Thursday, May 31, 2007

Australia - Great Barrier Reef

Before leaving Airlie Beach I visit the medical centre to undergo a check up to assertain if I am medically (not mentally!) fit for diving. The tests turn out positive and I am given a certificate to prove it. I can dive! Additionally I learn that my blood pressure is the lowest it's ever been! Just need to find out how to travel for a living to keep it that way ;) Anyway we leave Airlie and drive about 5 hours north, still on the Bruce Highway, and arrive in Townsville. It's pretty uneventful there and we just catch up on some sleep and some washing.

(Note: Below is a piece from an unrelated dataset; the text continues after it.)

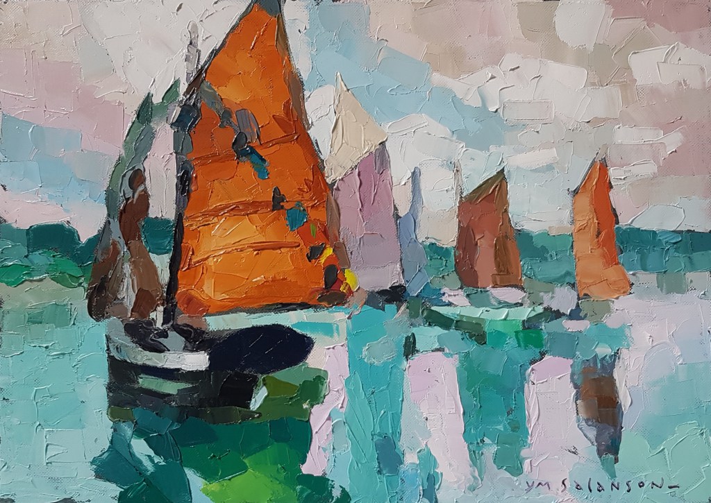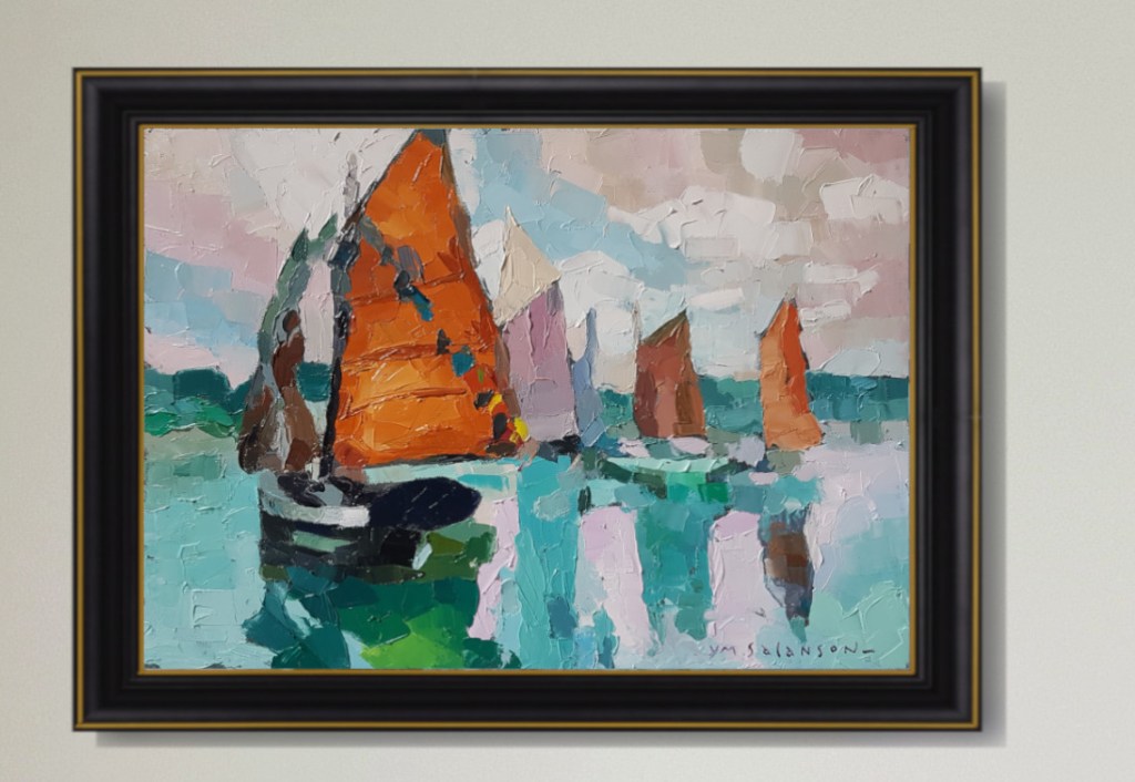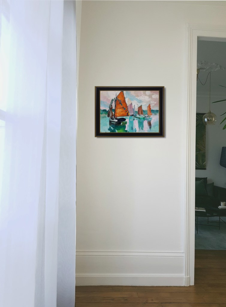 Ce toile est avant tout un travail de lumière. Les détails sont volontairement mis de côté pour aller à l’essentiel. L’accent est mis sur l’ambiance générale, la lumière, la capacité à suggérer ce paysage marin avec une peinture dynamique et appliquée à coups de larges touches colorées.

The next morning it's time to push on again and we drive another 5 hours to Cairns in tropical north Queensland. There is a torrential downpour most of the way up so progress is slightly slower than expected. We roll into cairns mid afternoon and check into Gilligans backpackers, quite a plush establishment. I go down to the Pro Dive shop to register for my 5 day PADI dive course starting the following day. We leave the rental car back at the depot, with an extra 2200km on the clock. Rhian and Peter go to organise their activities for the coming days. They spend 1 day out on the Great Barrier Reef where Peter does 3 dives. Then it's up to Cape Tribrulation for them for a couple of days in the rainforest, and back to Cairns for a bungee jump. Talk about packing things in! I just have to get up at 5am every day to go diving....

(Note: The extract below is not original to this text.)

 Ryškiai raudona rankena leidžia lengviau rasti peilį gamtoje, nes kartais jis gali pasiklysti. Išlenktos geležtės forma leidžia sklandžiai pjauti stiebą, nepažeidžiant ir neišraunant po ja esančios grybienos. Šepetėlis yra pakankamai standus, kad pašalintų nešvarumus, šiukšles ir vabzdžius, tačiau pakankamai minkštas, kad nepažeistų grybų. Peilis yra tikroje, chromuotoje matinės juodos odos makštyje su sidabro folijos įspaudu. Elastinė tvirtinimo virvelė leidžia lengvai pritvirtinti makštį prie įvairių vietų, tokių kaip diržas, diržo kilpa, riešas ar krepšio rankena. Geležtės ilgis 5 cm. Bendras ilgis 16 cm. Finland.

The course starts at the dive centre in Cairns with 1 day in the classroom learning about the theory and doing an exam, and 1 day pool training learing to do all the things we will later have to do in the open water. Our dive instructor is Oscar, a huge Kiwi ex rugby player who had played against Ulster in the early '90's, and a very cool guy. The course goes really well and I pass the exam. The only problem is that from time to time I experience difficulty equalising the pressure in my ears, making deeper descent impossible due to the pain. A problem that will reoccur until I get the hang of it through practice over the coming days. The course teaches us about the scuba equipment and all the safety aspects of diving. You always dive with a buddy. There were 5 people on our course: Kristian and Rune from Denmark, Emma from the UK and Kelly from the US. We were paired up on an ad hoc basis to practice in the pool. I won't go ionto the details, but it bascically has to do with learning the proceedure if 1 person gets into difficulty or runs out of air. There is a whole technique behind diving and all of the things you learn could save your life one day.

After the 2 days training in Cairns we are ready to head out to the Great Barrier Reef. The next
3 days and 2 nights will be spent on a dive boat 3
hours off the coast of Queensland on the Barrier Reef. This is known as a "liveaboard" and the boat provides accomodation and food and a steady supply of airtanks for the 25 divers on board. I share a room with Jerry, an accomplished diver from Northern Ireland but who has been living in New Zealand. He gives me plenty of tips. Anyway, the first 4 dives are with the instructor in order to go through the routines we learned in the pool and become competent at doing them in the open ocean. I have trouble equalising on the first dive and have to return to the boat, absolutely raging with myself. However the instructor takes me down again and I am able to catch up with the group for the remaining dives. On my second dive I see my first shark up close while I am actually in the water. Only a 2m Silvertip reef shark which poses no great threat, but still enough to make your heart skip a beat. We complete the other dives successfully and become qualified scuba divers on the second day. This gives us free reign to complete another 4 dives with a buddy, and without instructor. Thyese go remarkably well and an entire new underwater world has been opened up to me. It's fascinating and I can't believe what I've been missing out on... The only thing left to do with the instructor is a night dive. We get suited up and I am nervous as hell. From the flood lights on the bottom of the boat we can already see several large sharks swimming just a few metres below the surface. I think to myself "this is completely crazy - isn't nighttime feeding time?". Apparently we are not on the foodlist, so it should be ok... Well, that's not completely reassuring, so I make sure I go in near the end of the queue jumping into the water. Armed with my scuba gear and a powerful flashlight, we jump in and go under to explore the reef at night. Once I settle down it is one of the most beautiful experiences I have ever had. We swim around at about 16m below the surface and explore for about half an our. As we wait under the water at a depth of 5m for a compulsory 3 minute safety stop before surfacing, the sharks are circling us. However, at this stage I am totally relaxed and just enjoying this amazing encounter with nature. In total we complete 9 dives over the 3 days and return to Cairns tired but incredibly happy.
I meet up with Rhian and Peter again. We have a big party night out in Cairns and meet up with loads of people from the dive school, one of whom Rhian coincidently knew from University. Small world again! Also we meet up with the Derry girls again and bumped into Thomas from Germany. Mad! The next day we got up and went white water rafting for the afternoon. I have no pictures of that, so will write about it another time. Rhian and Peter left on the 31st May to fly down to Sydney for a few days before travelling back to Belfast. We had a fantastic time together. I was very happy that they came out to travel with me and very sad to see them go...
I stayed another day chilling out in Cairns and catching up on some sleep, before it was time for me to leave as well.